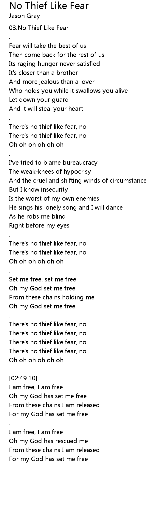 There's no thief like fear, no |
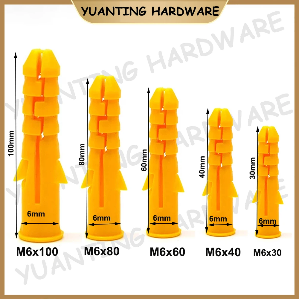 10 шт.-100 шт. M6 M8 M10 Желтая стена пластиковые анкерные болты Расширительная Труба для нарезания шнека колонна бетонная настенная вилка рамка фиксирующая трубка
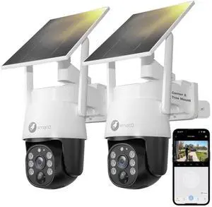 xmartO 2-Pack 4MP QHD Wireless PTZ Solar Security Camera, WiFi 6 5G Dual Band, Wire-Free Easy Installation, No Monthly Fee, Outdoor/Indoor Home Use, Wall/Ceiling/Tree/Pole/Corner Mount

» **TASK DETAILS**:
Reproduce the material word for word. Any pictures should be left out of the copy.

» **SOLUTION BELOW**:
 There's no thief like fear, no |
 10 шт.-100 шт. M6 M8 M10 Желтая стена пластиковые анкерные болты Расширительная Труба для нарезания шнека колонна бетонная настенная вилка рамка фиксирующая трубка
 xmartO 2-Pack 4MP QHD Wireless PTZ Solar Security Camera, WiFi 6 5G Dual Band, Wire-Free Easy Installation, No Monthly Fee, Outdoor/Indoor Home Use, Wall/Ceiling/Tree/Pole/Corner Mount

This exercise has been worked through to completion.